DELİLLER : Hukuki Uyuşmazlıklarda Dava Şartı Arabuluculuk———sayılı dosyası, Bilirkişi Raporu, dosyadaki sair bilgi ve belgeler.
DEĞERLENDİRME VE SONUÇ :
Dava, Hizmet Sözleşmesi Kapsamında Dava Dışı İşçiye Ödenen Kıdem Tazminatının Alt İşveren Konumundaki Davalıdan Rücuen Tahsili İstemine İlişkindir.

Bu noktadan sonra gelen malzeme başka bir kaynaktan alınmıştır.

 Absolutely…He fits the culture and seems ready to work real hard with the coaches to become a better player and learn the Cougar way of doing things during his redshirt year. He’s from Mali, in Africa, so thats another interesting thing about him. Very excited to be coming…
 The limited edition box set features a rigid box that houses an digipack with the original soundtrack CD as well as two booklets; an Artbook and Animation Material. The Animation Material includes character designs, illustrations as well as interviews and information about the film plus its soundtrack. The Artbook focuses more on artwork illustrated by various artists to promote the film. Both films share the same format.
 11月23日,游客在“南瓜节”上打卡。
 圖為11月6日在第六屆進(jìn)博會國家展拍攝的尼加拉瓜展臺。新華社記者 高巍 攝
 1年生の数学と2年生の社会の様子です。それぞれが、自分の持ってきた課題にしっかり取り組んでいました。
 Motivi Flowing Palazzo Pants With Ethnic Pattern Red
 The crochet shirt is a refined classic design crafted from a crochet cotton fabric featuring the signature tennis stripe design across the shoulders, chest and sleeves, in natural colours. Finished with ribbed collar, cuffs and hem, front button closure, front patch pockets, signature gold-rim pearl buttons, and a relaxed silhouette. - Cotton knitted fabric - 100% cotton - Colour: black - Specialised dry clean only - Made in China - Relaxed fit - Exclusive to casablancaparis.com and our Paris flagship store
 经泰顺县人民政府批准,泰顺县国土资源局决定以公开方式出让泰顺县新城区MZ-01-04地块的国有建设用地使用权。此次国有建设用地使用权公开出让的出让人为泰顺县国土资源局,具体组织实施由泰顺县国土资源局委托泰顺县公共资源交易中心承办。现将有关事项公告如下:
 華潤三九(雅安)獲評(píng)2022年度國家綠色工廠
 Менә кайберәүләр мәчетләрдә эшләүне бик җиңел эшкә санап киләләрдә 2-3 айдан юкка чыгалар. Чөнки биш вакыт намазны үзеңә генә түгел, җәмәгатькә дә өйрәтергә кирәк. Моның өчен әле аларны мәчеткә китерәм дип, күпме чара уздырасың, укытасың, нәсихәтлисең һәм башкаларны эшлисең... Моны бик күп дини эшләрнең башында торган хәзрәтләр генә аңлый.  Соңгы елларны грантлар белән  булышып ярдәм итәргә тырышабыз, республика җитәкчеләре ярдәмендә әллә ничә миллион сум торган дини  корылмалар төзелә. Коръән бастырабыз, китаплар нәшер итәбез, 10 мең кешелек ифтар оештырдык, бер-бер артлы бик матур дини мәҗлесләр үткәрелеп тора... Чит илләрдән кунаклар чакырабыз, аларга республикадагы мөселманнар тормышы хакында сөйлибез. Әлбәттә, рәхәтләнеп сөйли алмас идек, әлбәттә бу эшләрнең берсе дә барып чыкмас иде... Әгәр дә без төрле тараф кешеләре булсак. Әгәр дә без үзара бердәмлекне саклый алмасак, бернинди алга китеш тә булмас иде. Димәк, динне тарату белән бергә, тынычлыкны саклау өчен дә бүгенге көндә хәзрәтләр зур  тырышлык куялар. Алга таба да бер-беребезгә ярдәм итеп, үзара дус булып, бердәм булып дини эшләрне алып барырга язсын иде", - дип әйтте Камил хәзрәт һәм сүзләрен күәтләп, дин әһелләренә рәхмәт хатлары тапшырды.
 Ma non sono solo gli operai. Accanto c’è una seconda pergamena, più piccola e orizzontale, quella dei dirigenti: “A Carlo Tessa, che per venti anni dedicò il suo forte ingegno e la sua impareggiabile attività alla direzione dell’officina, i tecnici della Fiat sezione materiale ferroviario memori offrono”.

6100 Sayılı HMK’nin 316 ilâ 322. maddeleri gereğince basit yargılama usulüne tabi işbu davada mahkememizce dilekçeler aşaması tamamlanmış ve usulüne uygun olarak yapılan davet sonucunda duruşma açılarak ön inceleme duruşması icra edilmiş, uyuşmazlık belirlenmiş ve vaki davete rağmen duruşmaya katılan davacı vekilinin sulh olmak istemediklerine yönelik beyanı üzerine tahkikata geçilerek tahkikat işlem ve incelemeleri yerine getirilip tamamlanmış ve araştırılacak bir husus kalmadığı tespit edilerek, son duruşmada davacı vekilinin sözlü açıklamaları da dinlenip zapta geçirilerek aşağıdaki hüküm sonucuna ulaşılmıştır. Dosyaya mübrez Arabuluculuk tutanağına göre de zorunlu arabuluculuk dava şartının yerine getirildiği ve anlaşmazlık üzerine işbu davanın açıldığı anlaşılmıştır.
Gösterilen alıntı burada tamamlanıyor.